Study of Capivasertib in Relapsed or Refractory B-cell Non-Hodgkin Lymphoma

NCT ID: NCT05008055

Last Updated: 2024-12-20

Basic Information

• Recruitment Status: COMPLETED
• Clinical Phase: PHASE2
• Total Enrollment: 30 participants
• Study Classification: INTERVENTIONAL
• Study Start Date: 2021-11-03
• Study Completion Date: 2024-10-25

Brief Summary

This study is an open-label, multicenter Phase II study of capivasertib administered orally in participants with Relapsed or Refractory (R/R) B-cell Non-Hodgkin's Lymphoma (NHL).

Detailed Description

The study protocol follows a modular design. The study will investigate the safety and efficacy of capivasertib monotherapy in participants with R/R Follicular Lymphoma (FL), Marginal Zone Lymphoma (MZL), and Mantle Cell Lymphoma (MCL).

Conditions

Relapsed or Refractory B-cell Non-Hodgkin Lymphoma

Keywords

Follicular Lymphoma; Marginal Zone Lymphoma; Mantle Cell Lymphoma; Capivasertib monotherapy

Study Design

• Allocation Method: NA
• Intervention Model: SINGLE_GROUP
• Primary Study Purpose: TREATMENT
• Blinding Strategy: NONE

Study Groups

Capivasertib monotherapy

Participants with R/R FL, R/R MZL, and R/R MCL will receive capivasertib orally until progression of disease (PD) or unacceptable toxicity.

Group Type: EXPERIMENTAL

Capivasertib

Intervention Type: DRUG

Capivasertib will be taken orally twice a day (BD) 4 days on/ 3 days off.

Interventions

Capivasertib

Capivasertib will be taken orally twice a day (BD) 4 days on/ 3 days off.

Intervention Type: DRUG

Eligibility Criteria

Inclusion Criteria

• Participants must be ≥ 18 years of age, at the time of signing the informed consent
• Eastern Cooperative Oncology Group performance status ≤ 2
• Life expectancy > 6 months
• Female participants must not be breast-feeding and must have a negative pregnancy test (serum) prior to start of dosing

1. Histologically confirmed diagnosis of FL Grade 1, 2, or 3a as assessed by investigator or local pathologist

2. Current need for systemic treatment based on the Investigator's opinion

3. Relapsed, progressed or refractory (defined as failure to achieve at least a partial response [PR]) after at least 2 prior systemic lines of therapy (including anti-CD20 monoclonal antibody [mAb] and an alkylating agent)

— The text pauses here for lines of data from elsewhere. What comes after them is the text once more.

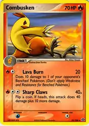 Combusken (Japanese: ワカシャモ Wakasyamo) is a Fire-type Stage 1 Pokémon card. It is part of the EX Emerald expansion.
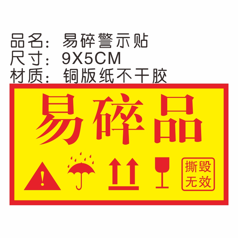 撕毁无效标签贴纸现货铜版纸不干胶酒水易碎品怕湿小心轻放警示贴
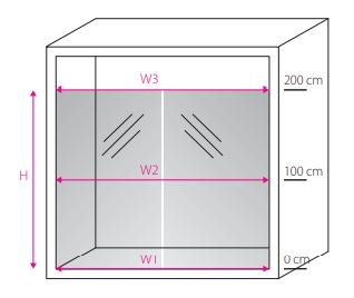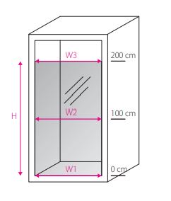- Fixed wall FSS1N – height 200 cm (crossbar 203 cm), 6 mm tempered glass (clear or grey), aluminium profiles with anodised, white, or black finish. Includes upper crossbar, magnetic seal, and fixing accessories.
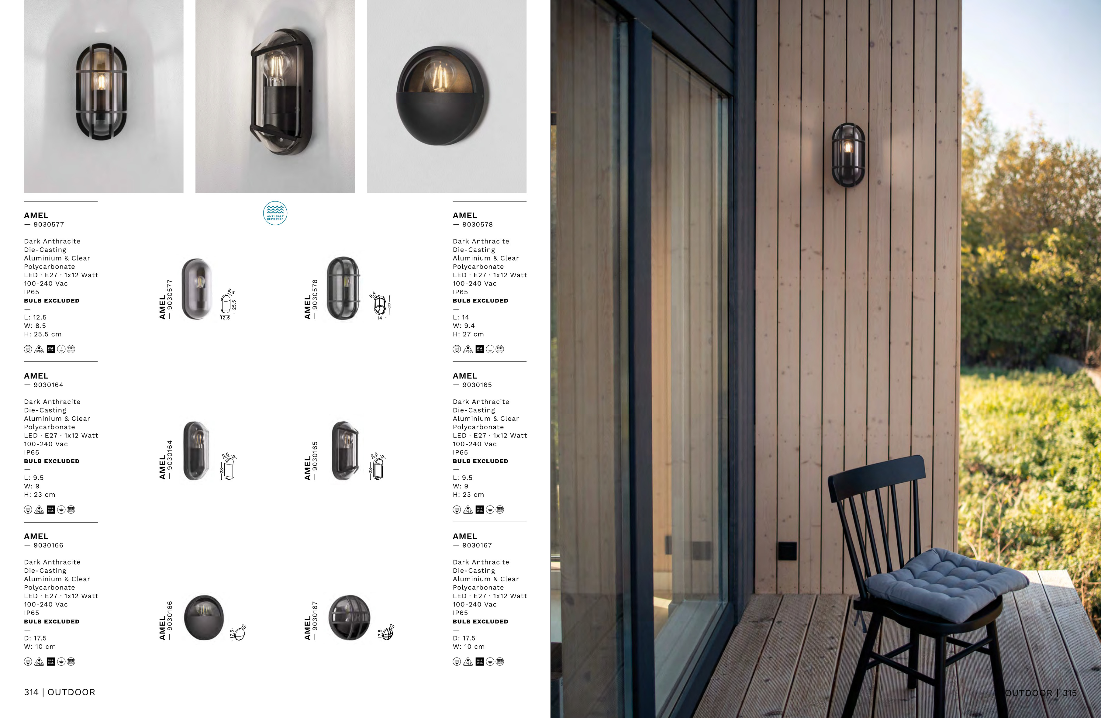 Стилът и естетиката на обстановката ще бъдат облагородени, както от цялостната визия и дизайн на осветителното тяло, така и от вложените в изработката на лампата висококачествени материали, като: алуминий отлят под налягане в цвят тъмен антрацит, прозрачен поликарбонат.

4. Bi-dimensionally measurable disease on cross sectional imaging by computed tomography (CT) or magnetic resonance imaging (MRI) with at least one nodal lesion > 1.5 cm in the long axis or at least one extranodal lesion > 1 cm in long axis.

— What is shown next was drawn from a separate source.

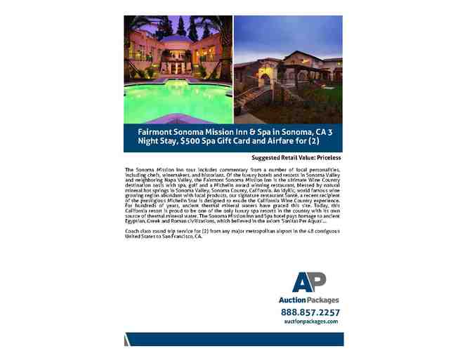 Your auction package redemption voucher will be emailed to you. Please allow 15 days for your redemption voucher to be

1. Histologically confirmed MZL including splenic, nodal, and extranodal subtypes as assessed by investigator or local pathologist

2. Current need for systemic treatment based on the Investigator's opinion

3. Relapsed, progressed or refractory (defined as failure to achieve at least a PR) after at least 2 prior systemic lines of therapy (including at least one anti-CD20mAb directed regimen either as monotherapy or as chemoimmunotherapy; Helicobacter pylori eradication and radiation therapy alone will not be considered a systemic treatment regimen)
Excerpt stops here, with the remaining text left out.